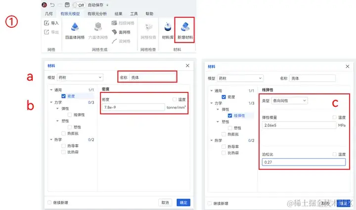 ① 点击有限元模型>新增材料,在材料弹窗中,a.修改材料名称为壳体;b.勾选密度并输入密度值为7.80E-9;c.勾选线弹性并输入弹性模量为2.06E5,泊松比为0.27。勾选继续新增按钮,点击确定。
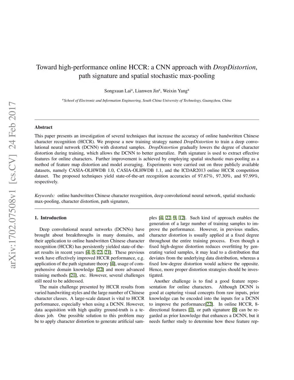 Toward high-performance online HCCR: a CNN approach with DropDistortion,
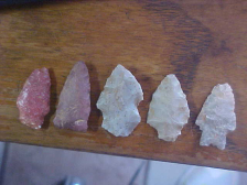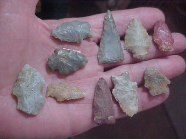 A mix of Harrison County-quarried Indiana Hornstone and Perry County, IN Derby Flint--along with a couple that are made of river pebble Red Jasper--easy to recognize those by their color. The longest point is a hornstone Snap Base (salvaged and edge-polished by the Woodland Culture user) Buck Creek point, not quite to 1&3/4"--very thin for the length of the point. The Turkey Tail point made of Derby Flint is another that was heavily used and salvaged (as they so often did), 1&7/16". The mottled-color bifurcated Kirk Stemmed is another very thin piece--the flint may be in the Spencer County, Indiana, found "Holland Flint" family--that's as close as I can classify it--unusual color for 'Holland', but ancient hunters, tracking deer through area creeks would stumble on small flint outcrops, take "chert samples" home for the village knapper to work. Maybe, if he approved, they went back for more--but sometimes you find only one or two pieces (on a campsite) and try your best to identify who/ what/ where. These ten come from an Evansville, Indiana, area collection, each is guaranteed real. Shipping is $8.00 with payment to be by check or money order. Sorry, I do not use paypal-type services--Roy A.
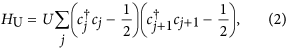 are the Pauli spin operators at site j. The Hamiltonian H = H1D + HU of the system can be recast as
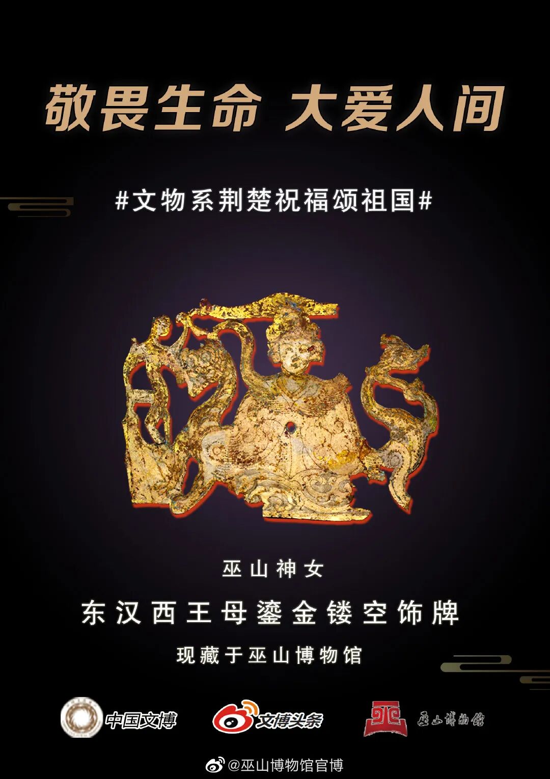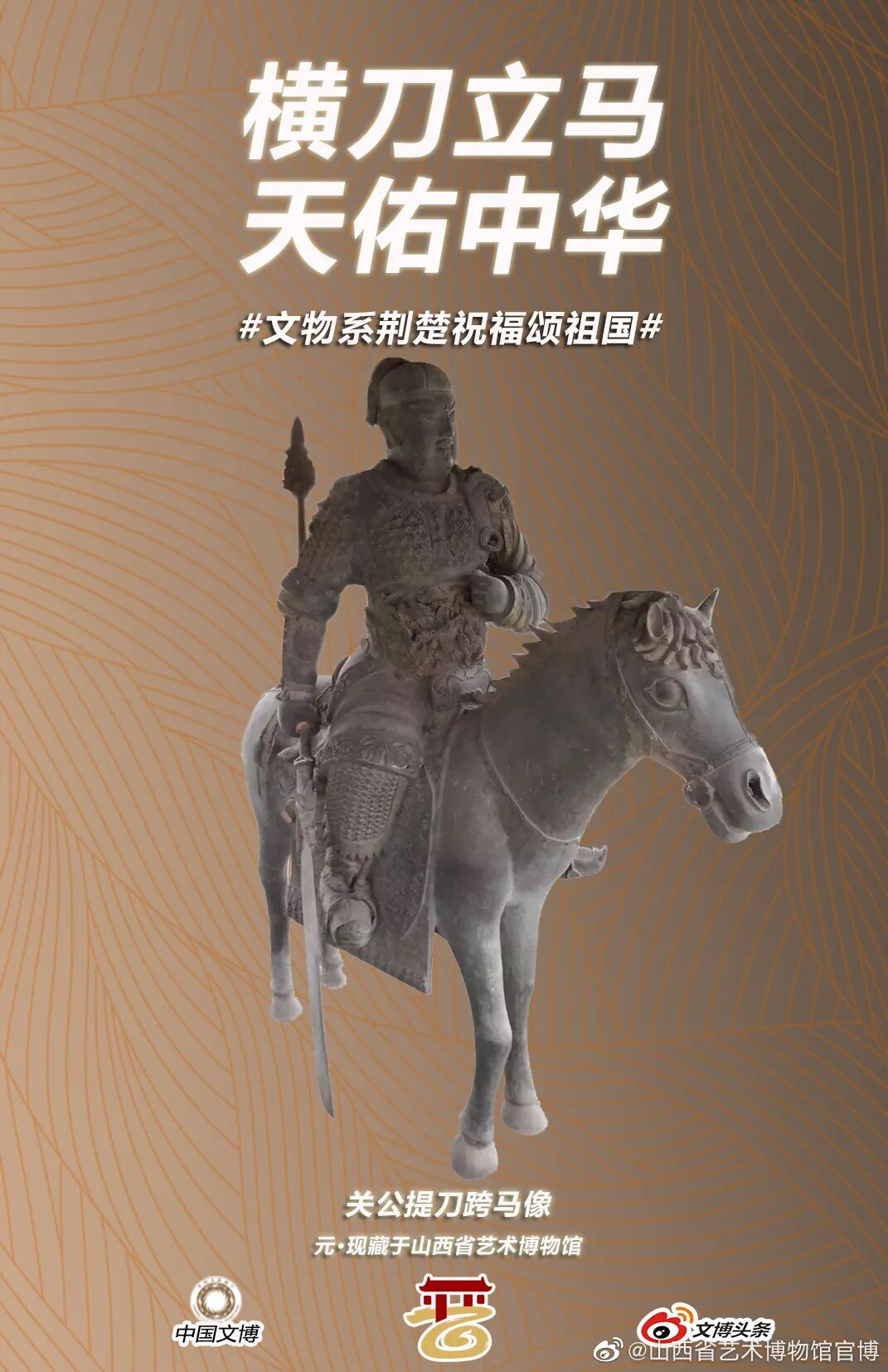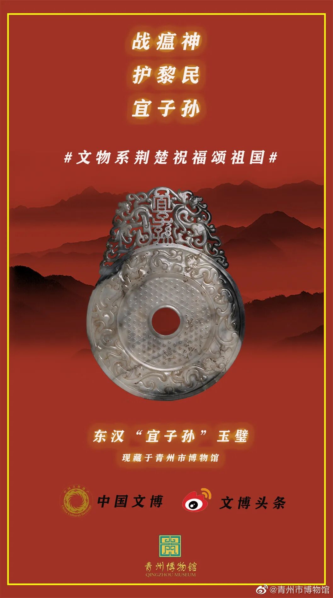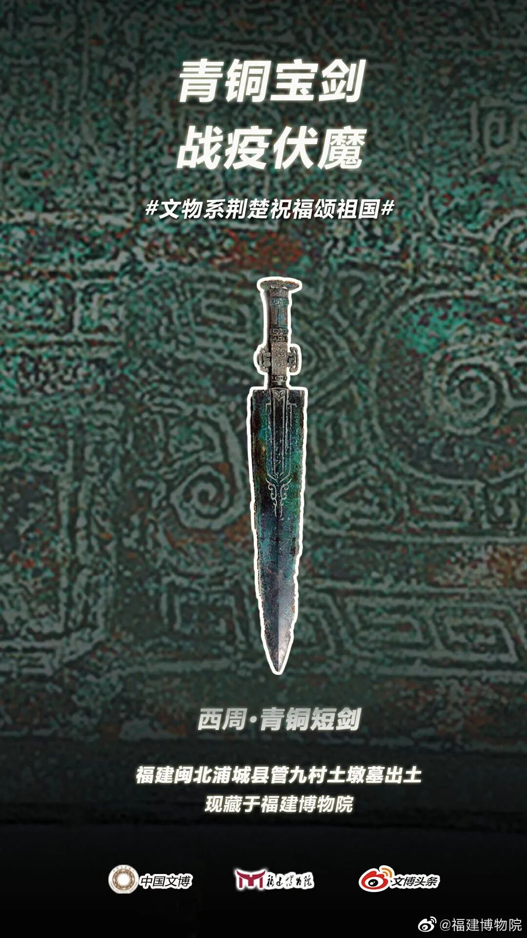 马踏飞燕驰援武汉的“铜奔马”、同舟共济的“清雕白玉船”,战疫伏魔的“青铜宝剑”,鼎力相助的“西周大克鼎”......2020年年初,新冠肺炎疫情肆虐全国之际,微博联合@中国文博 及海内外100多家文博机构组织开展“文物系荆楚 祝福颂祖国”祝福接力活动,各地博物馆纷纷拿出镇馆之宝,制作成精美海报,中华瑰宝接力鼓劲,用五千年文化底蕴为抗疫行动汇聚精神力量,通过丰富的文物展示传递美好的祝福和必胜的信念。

(What to work on):
Repeat the records above word for word, apart from the pictures.

(Written response):
 ① 点击有限元模型>新增材料,在材料弹窗中,a.修改材料名称为壳体;b.勾选密度并输入密度值为7.80E-9;c.勾选线弹性并输入弹性模量为2.06E5,泊松比为0.27。勾选继续新增按钮,点击确定。
 Toward high-performance online HCCR: a CNN approach with DropDistortion,
 A mix of Harrison County-quarried Indiana Hornstone and Perry County, IN Derby Flint--along with a couple that are made of river pebble Red Jasper--easy to recognize those by their color. The longest point is a hornstone Snap Base (salvaged and edge-polished by the Woodland Culture user) Buck Creek point, not quite to 1&3/4"--very thin for the length of the point. The Turkey Tail point made of Derby Flint is another that was heavily used and salvaged (as they so often did), 1&7/16". The mottled-color bifurcated Kirk Stemmed is another very thin piece--the flint may be in the Spencer County, Indiana, found "Holland Flint" family--that's as close as I can classify it--unusual color for 'Holland', but ancient hunters, tracking deer through area creeks would stumble on small flint outcrops, take "chert samples" home for the village knapper to work. Maybe, if he approved, they went back for more--but sometimes you find only one or two pieces (on a campsite) and try your best to identify who/ what/ where. These ten come from an Evansville, Indiana, area collection, each is guaranteed real. Shipping is $8.00 with payment to be by check or money order. Sorry, I do not use paypal-type services--Roy A.
 are the Pauli spin operators at site j. The Hamiltonian H = H1D + HU of the system can be recast as
 马踏飞燕驰援武汉的“铜奔马”、同舟共济的“清雕白玉船”,战疫伏魔的“青铜宝剑”,鼎力相助的“西周大克鼎”......2020年年初,新冠肺炎疫情肆虐全国之际,微博联合@中国文博 及海内外100多家文博机构组织开展“文物系荆楚 祝福颂祖国”祝福接力活动,各地博物馆纷纷拿出镇馆之宝,制作成精美海报,中华瑰宝接力鼓劲,用五千年文化底蕴为抗疫行动汇聚精神力量,通过丰富的文物展示传递美好的祝福和必胜的信念。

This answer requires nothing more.